Kulisy nielegalnych działań prowadzonych na polecenie Marcina P., oficera wrocławskiej delegatury ABW, zaprezentowaliśmy w lutym we wspólnym śledztwie Onetu i "Superwizjera". Ujawniliśmy wówczas, że doszło do inwigilacji prezydenta Lubina Roberta Raczyńskiego i jego bliskiego współpracownika z lubińskiego magistratu, Andrzeja Pudełki.

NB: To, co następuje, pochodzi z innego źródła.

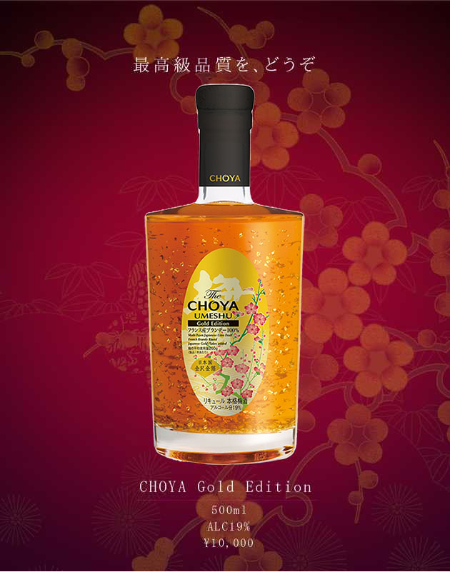 CHOYA チョーヤ ゴールドエディション 金箔入り アルコール度数:19% 金箔入り 最高級梅酒。 厳選した大粒の紀州産南高梅を100%使用し、梅の味を引き立たせるようにブレンドしたフランス・コニャック地方のブランデーのみで漬け込んだ当社最高級の梅酒。南高梅の爽やかな酸味とブランデーのまろやかな風味がマッチした、華やかな香りと味わいをお楽しみいただけます。 金箔を使用することで梅の花が舞う様子を表現し、見た目も華やかに演出。 化粧箱入りなので、大切な方への贈り物にも最適です。
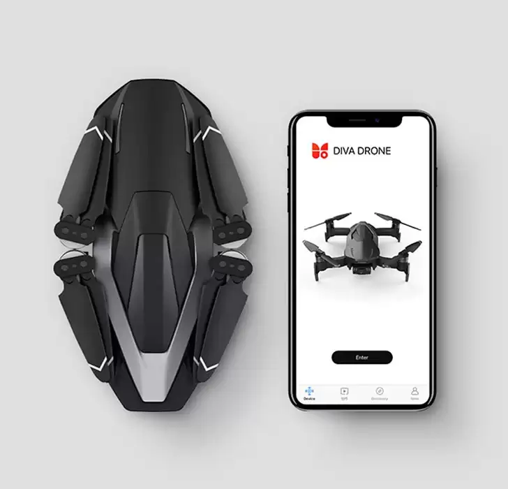 کوادکوپتر Diva 01 به طراحی مدرن و بازوهای تاشو شبیه به کوادکوپترهای نسل جدید دارد. بازوهای تاشو باعث میشوند که این پهپاد به راحتی حمل و نقل شود. علاوه بر این، با جمع کردن بازوها، فضایی کمتر اشغال میکند. ابعاد کوادکوپتر Diva 01 در حالت آماده به پرواز 18.4 × 16.8 × 6.5 سانتیمتر و وزن آن 430 گرم است.
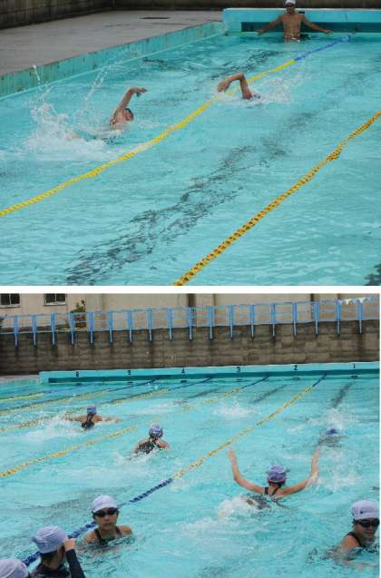 2年生の体育授業はプールです。もうプールも終わりですね。女子はバタフライの練習をしていました。
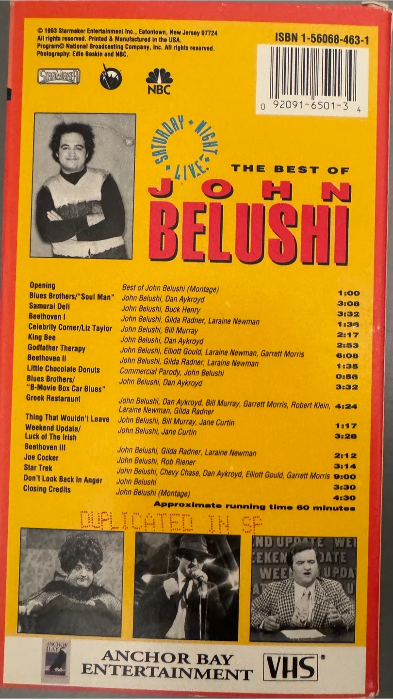 “The Best of John Belushi - The Best of Saturday Night Live”. Vintage VHS includes 16 classics including Blues Brothers, Greek Restaurant and King Bee. A must have for any collector of Belushi.
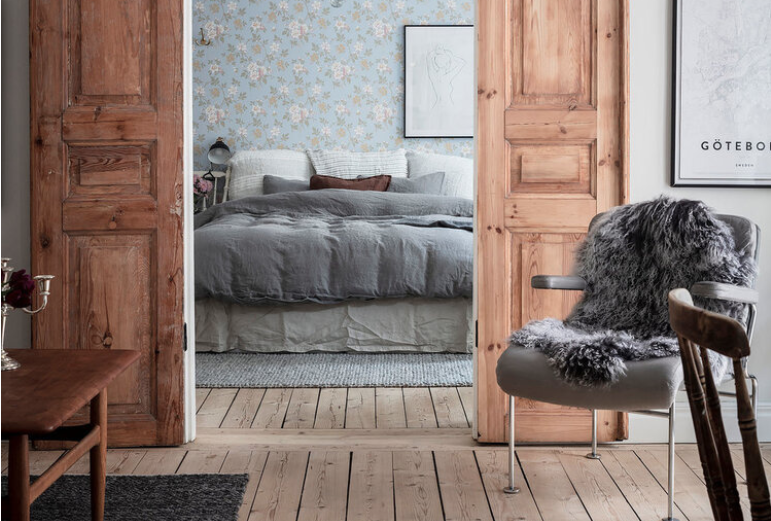 Tento byt ve staré zástavbě švédského Stockholmu najdeme ve zrekonstruovaném secesním domě postaveném před více než sto lety. Najdeme zde hned několik prvků odkazující na historii domu. Je zde původní dřevěná podlaha, kterou stačilo pouze obrousit. Repasované jsou také dvoukřídlé dveře oddělující ložnici od obývacího pokoje. Jsou zde původní secesní lustry i zrcadla, stejně tak koupelna byla velmi citlivě zrekonstruovaná a zachovává si atmosféru 19. století.
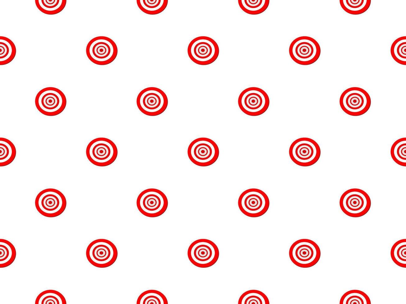 Seamless grid pattern of red concentric targets on white background, perfect for themes of precision, repetition, focus, and modern geometric surface design. Pro Vector

Akcja prowadzona za rządów PiS nosiła kryptonim "Lizbona". Była prowadzona nieformalnie, bez nadzoru prokuratury oraz sądu.

Operacja "Lizbona". Ważny polityk, wielkie pieniądze i ludzie premiera

Jak podały wcześniej nasze źródła, w 2022 roku funkcjonariusze ABW przechwycili idącą w setki stron domniemaną korespondencję prowadzoną na popularnym komunikatorze przez Raczyńskiego i jego zaufanego współpracownika. Raczyński to wpływowy, wieloletni prezydent Lubina, lider Bezpartyjnych Samorządowców i ówczesny koalicjant PiS w sejmiku dolnośląskim.

Ze stenogramów wynikało, że Raczyński oraz czołowi politycy PiS z otoczenia samego premiera Mateusza Morawieckiego mają sporo grzechów na sumieniu. Mieliby czerpać zyski z zatruwania środowiska i zakopywania śmieci na Dolnym Śląsku. W obszernych rozmowach Raczyńskiego i jego współpracownika Andrzeja Pudełki miały pojawiać się także dotyczące ich wątki obyczajowe, czyli potencjalny materiał do ich szantażowania.

Bulwersujące treści z domniemanych rozmów Raczyńskiego i Pudełki przez kilkanaście miesięcy nie trafiały do żadnej prokuratury. Jak przekonywały nasze źródła, pracownikom służb miało chodzić nie o sprawiedliwość, lecz o zdobycie kompromitujących materiałów na polityków i biznesmenów z Dolnego Śląska. Po to, by móc ich szantażować, wpływać na ich decyzje oraz czerpać zyski z nielegalnej akcji.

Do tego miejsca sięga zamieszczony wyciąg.